Schneeberger Daniela · Nationalrat · Basel-Landschaft · FDP-Liberale Fraktion · 2026-06-02

Wortprotokoll

Die FDP-Liberale Fraktion unterstützt selbstverständlich die Annahme dieses Postulates, weil wir bei der OECD-Mindeststeuer vor allem eines brauchen: nüchterne, faktenbasierte Klarheit.

Die Schweiz hat die Mindeststeuer in der Erwartung eingeführt, dass möglichst viele Länder nachziehen. Heute müssen wir feststellen, dass sich diese Erwartung bislang nur teilweise erfüllt hat. Wichtige Volkswirtschaften gehen andere Wege. Gleichzeitig verschärfen geopolitische Spannungen die Unsicherheit im internationalen Steuerumfeld. Gerade deshalb ist es zentral, dass wir uns ehrlich fragen, wo wir tatsächlich stehen.

Das Postulat verlangt nichts anderes als eine saubere Analyse. Welche volkswirtschaftlichen und fiskalischen Effekte sind effektiv eingetreten? Wie gut funktioniert die Umsetzung im Vergleich zum Ausland? Wo stehen wir im internationalen Wettbewerb wirklich? Diese Fragen sind aus liberaler Sicht zentral. Denn für uns ist klar: Die Rahmenbedingungen für Unternehmen müssen verlässlich, wettbewerbsfähig und effizient sein.

Es gibt Hinweise, dass die OECD-Mindeststeuer mit zusätzlicher Bürokratie verbunden ist, die unser Land wettbewerbsmässig gegenüber anderen Ländern benachteiligt. Gleichzeitig ist offen, ob die Mindeststeuer den erhofften Nutzen überhaupt bringt. Die kommenden Monate werden das zeigen. Wenn sich herausstellt, dass andere Länder weniger strikt vorgehen oder gar nicht mitziehen, darf die Schweiz nicht einfach tatenlos bleiben.

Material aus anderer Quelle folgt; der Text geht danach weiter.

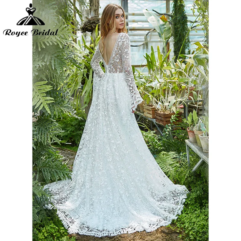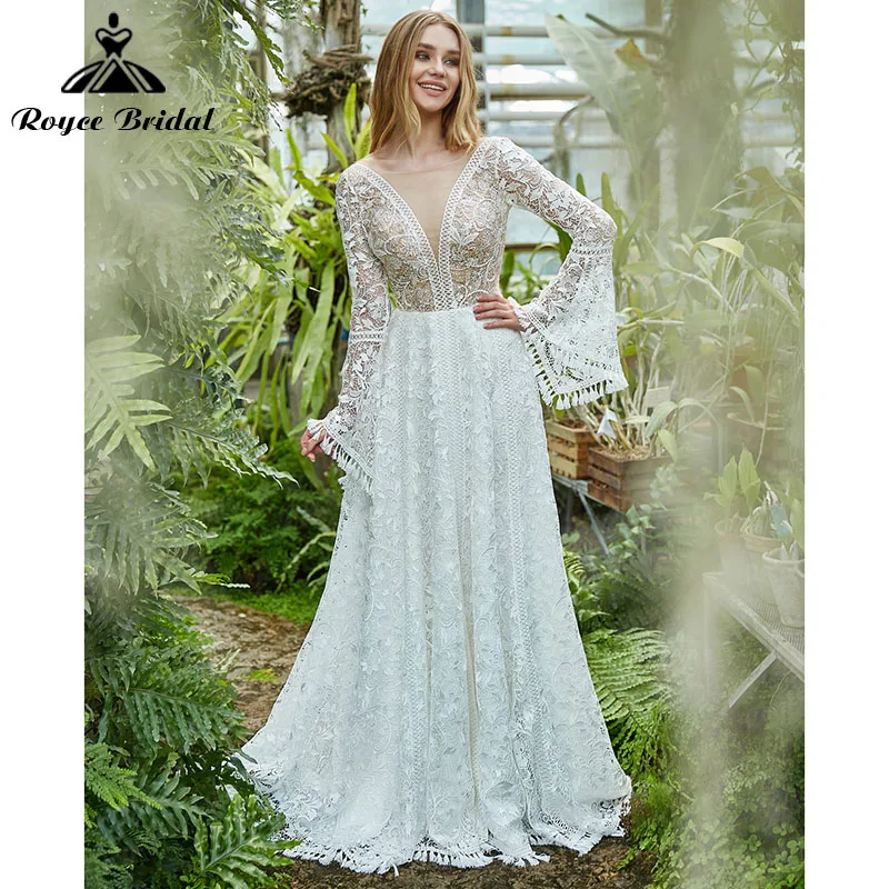 Свадебное платье А-силуэта в стиле бохо, Пляжное богемное платье с длинными расклешенными рукавами, глубоким V-образным вырезом и открытой спиной, кружевные иллюзионные Свадебные платья на заказ, 2022

Unser Land lebt von seiner Attraktivität als Standort, und diese Attraktivität dürfen wir nicht leichtfertig aufs Spiel setzen.

Die FDP sagt klar: internationale Kooperation ja, aber nicht um jeden Preis und nicht zulasten unseres Standorts. Es muss von allen fair gespielt werden. Das Postulat verlangt auch eine Auseinandersetzung mit der Frage, ob sich durch internationale Entwicklungen neue Handlungsspielräume ergeben. Auch das ist richtig und wichtig. Wir müssen vorbereitet sein, denn es geht um viel: um Arbeitsplätze, um Investitionen und letztlich um unseren Wohlstand.

Die Annahme dieses Postulates stellt keine Vorentscheidung gegen die Mindeststeuer dar, aber sie bedeutet, dass wir bereit sind, kritisch hinzuschauen und gegebenenfalls nachzusteuern. Genau das entspricht dem liberalen Verständnis von Politik: verantwortungsvoll entscheiden auf Basis von Fakten, nicht von Annahmen. Der Bundesrat beantragt ebenfalls die Annahme. Im Namen der FDP-Liberalen Fraktion bitte ich Sie, dasselbe zu tun. [GZ]

Unterstützen Sie die Annahme des Postulates.